Il massacro dei giornalisti, nel silenzio della democrazia
Un numero impressionante di cui non sempre si parla nel giusto modo. 50 è il numero dei giornalisti uccisi in questo anno nefasto. 50 uomini e donne che per testimoniare, donare voce, rendere visibile l’invisibile, hanno trovato la morte.
Destabilizza e al tempo stesso terrorizza, come nel 2020 si possa ancora morire per informare. Non si muore solo nei territori di guerra, ma anche in quei territori, denominati, di pace.
A rendere noto questo dato è il RsF, Reporter sans Frontiere, che si occupa di monitorare il cosiddetto stato di salute dei giornalisti nel mondo. Nel 2020 a perdere la vita 50 giornalisti, anche se, sempre secondo l’organizzazione, le segnalazioni sono minori a causa della pandemia che ha rubato la scena a tutto il resto.
Paradossalmente diminuiscono le uccisioni di giornalisti nei paesi in conflitto ed aumentano, invece, gli omicidi nei paesi pacifici.

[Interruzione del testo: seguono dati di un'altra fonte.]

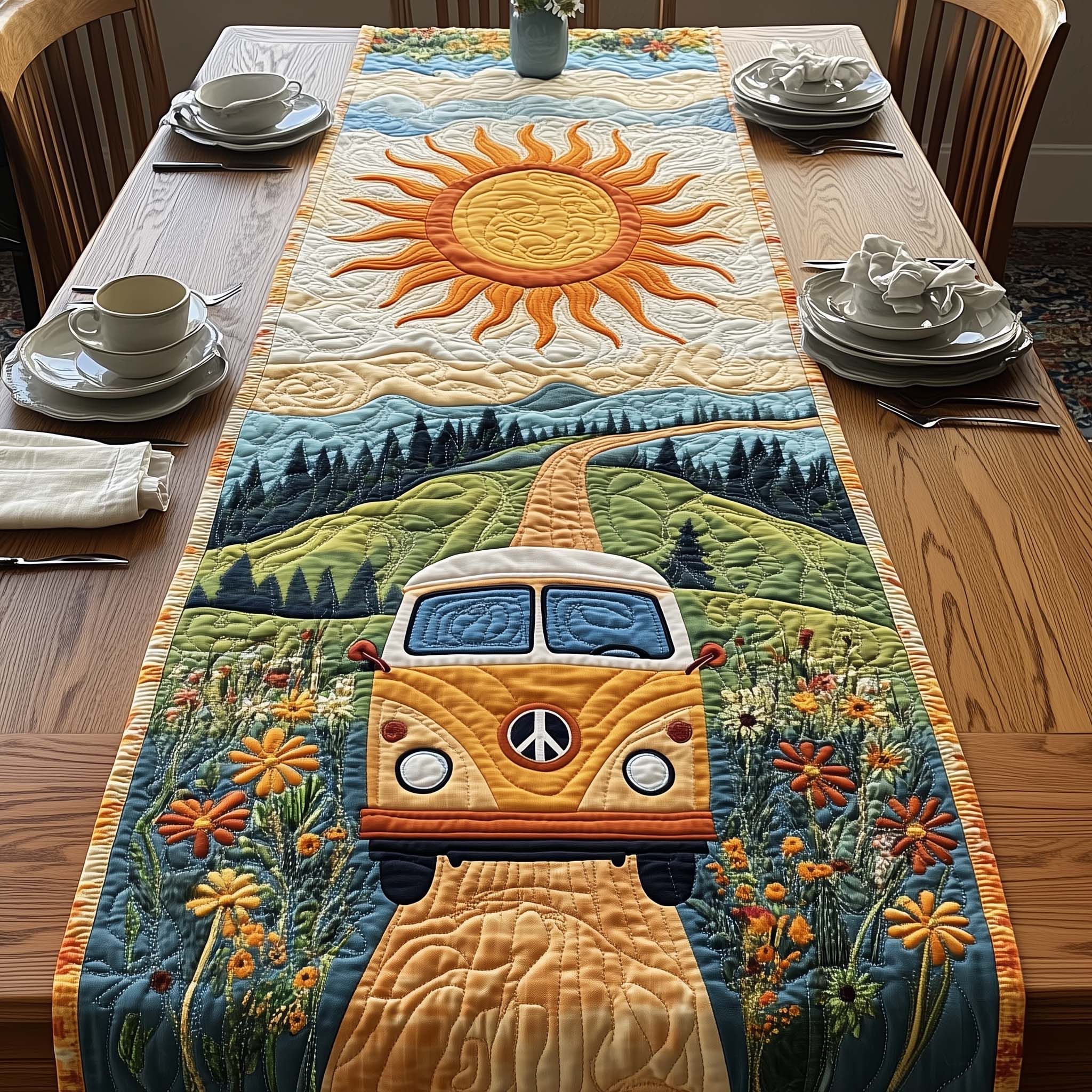 Hippie Van Quilted Table Runner GFTOQA810

Decapitazioni, corpi arsi vivi, omicidi cruenti, sono il destino finale di chi si occupa di giornalismo in determinate aree del mondo.

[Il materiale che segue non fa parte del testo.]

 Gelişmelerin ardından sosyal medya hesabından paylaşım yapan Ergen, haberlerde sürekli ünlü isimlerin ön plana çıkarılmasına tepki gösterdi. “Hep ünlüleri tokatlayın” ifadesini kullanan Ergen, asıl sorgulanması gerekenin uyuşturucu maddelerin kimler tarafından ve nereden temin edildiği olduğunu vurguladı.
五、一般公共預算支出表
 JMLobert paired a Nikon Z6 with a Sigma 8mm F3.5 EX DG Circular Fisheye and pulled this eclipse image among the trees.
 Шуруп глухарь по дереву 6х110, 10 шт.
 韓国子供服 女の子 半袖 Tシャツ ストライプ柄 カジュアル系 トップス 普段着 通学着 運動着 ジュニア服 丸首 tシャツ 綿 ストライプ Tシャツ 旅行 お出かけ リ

Esistono anche le prigionie a cui i giornalisti sono destinati. Ad oggi nel mondo ci sono ancora 387 giornalisti detenuti, nel 2020 è cresciuto anche il numero di giornaliste arrestate, + 35%. Nei primi quattro mesi dell’anno, il numero di giornalisti arrestato è cresciuto di quattro volte anche per la copertura sulla pandemia.
Ricordiamo che la figura del giornalista è il sigillo della garanzia assoluta di libertà e democrazia. Grazie al loro operato l’invisibile divine visibile. Un enorme grazie perché come sentinelle del mattino, loro, ci riportano la realtà fra mille difficoltà.